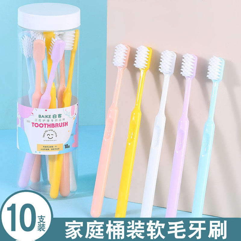 10本入りの柔らかい毛の笑顔の桶に歯ブラシを入れます。
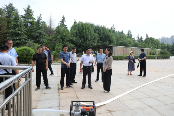 演练以洛阳连日因持续强降雨造成校园低洼地段积水严重为背景。上午10时,巡视值班人员发现图书馆负一楼、地下车库及会议中心下沉广场,遭受洪水威胁,积水严重,立即向十大网投正规信誉官网防汛指挥部报告,防汛领导小组启动防汛应急预案,进入防汛应急程序。应急抢险队抢险队员紧急集结,迅速进行抢险救援物资分发、紧急排水、排查电力、地下车库防汛抢险堆放沙袋等,师生疏散组第一时间疏散师生、应急救援队紧急救援被困人员……演练现场,工作人员有条不紊,严格按照演练方案进行疏散、抢险,演练历时50分钟圆满结束。
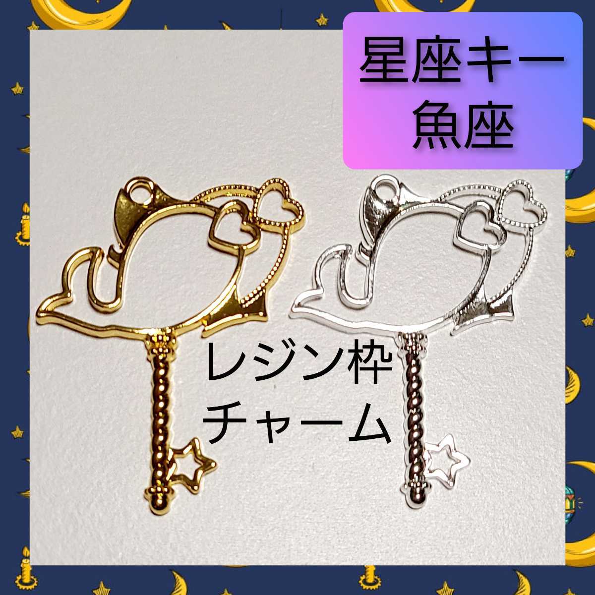 - 【ハンドメイドパーツ】星座キー 魚座 レジン枠 フレーム チャーム 01
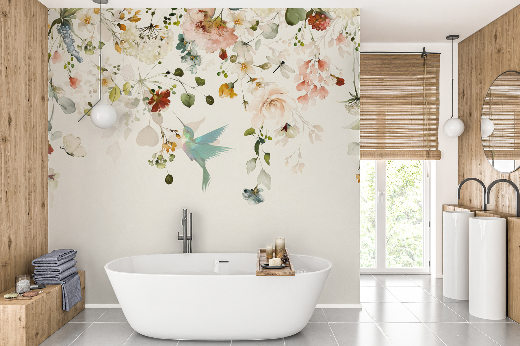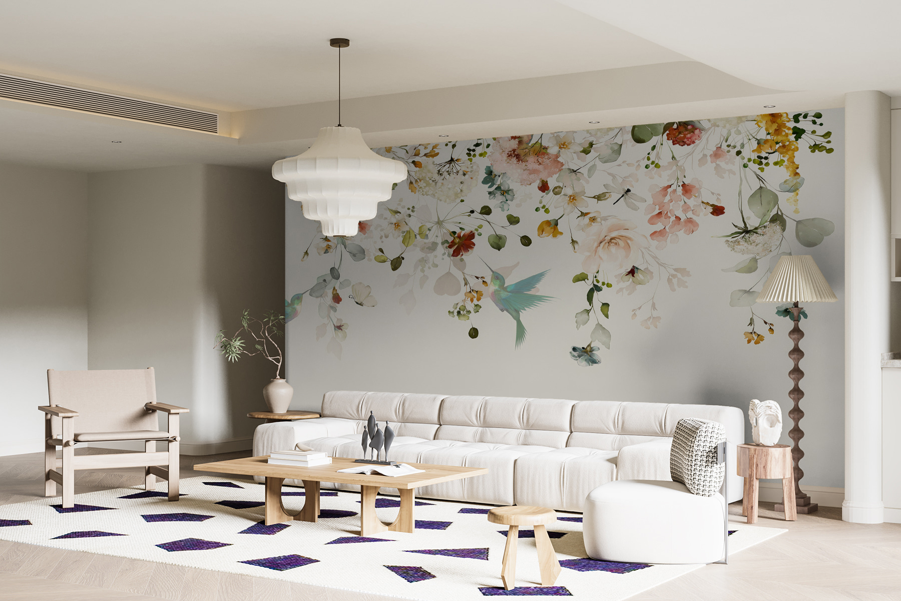Este mural tem uma beleza serena que é simplesmente… calmante. Esses tons pastel e detalhes intrincados? Dão-lhe um ar acolhedor e elegante. Além disso, aquele beija-flor – tão giro e caprichoso, certo? É quase como se conseguíssemos ouvir o zumbido das suas pequenas asas. Quer esteja a enrolar-se com um livro ou a conversar com amigos, este mural cria um cenário maravilhosamente tranquilo.
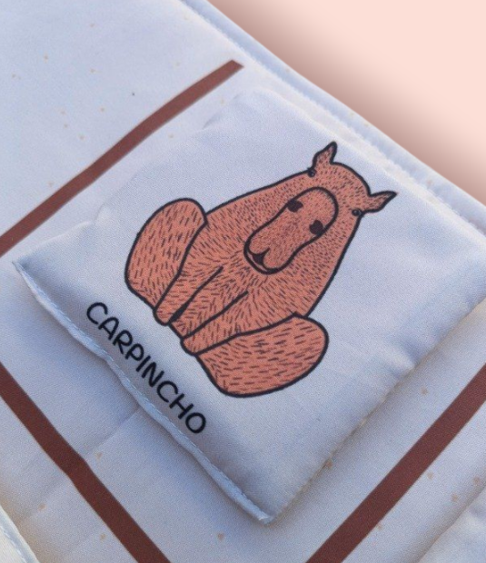 El tablero mide 43 x 50 cm, esta relleno con guata y forrado en la parte trasera (podes elegir el color de tu sala)
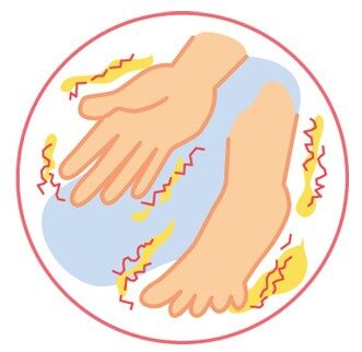 高血糖の影響で神経細胞の変異を起こす、または動脈硬化による血流悪化により神経細胞へ届く血液が不足するなどにより、末梢神経が異常を起こしている状態です。

# # # # # # #

_Directions_
Copy exactly, and only, the lines from the first line of the material through the line that contains "- 【ハンドメイドパーツ】星座キー 魚座 レジン枠 フレーム チャーム 01", both ends kept; no pictures.

_Task solution_
 10本入りの柔らかい毛の笑顔の桶に歯ブラシを入れます。
 演练以洛阳连日因持续强降雨造成校园低洼地段积水严重为背景。上午10时,巡视值班人员发现图书馆负一楼、地下车库及会议中心下沉广场,遭受洪水威胁,积水严重,立即向十大网投正规信誉官网防汛指挥部报告,防汛领导小组启动防汛应急预案,进入防汛应急程序。应急抢险队抢险队员紧急集结,迅速进行抢险救援物资分发、紧急排水、排查电力、地下车库防汛抢险堆放沙袋等,师生疏散组第一时间疏散师生、应急救援队紧急救援被困人员……演练现场,工作人员有条不紊,严格按照演练方案进行疏散、抢险,演练历时50分钟圆满结束。
 - 【ハンドメイドパーツ】星座キー 魚座 レジン枠 フレーム チャーム 01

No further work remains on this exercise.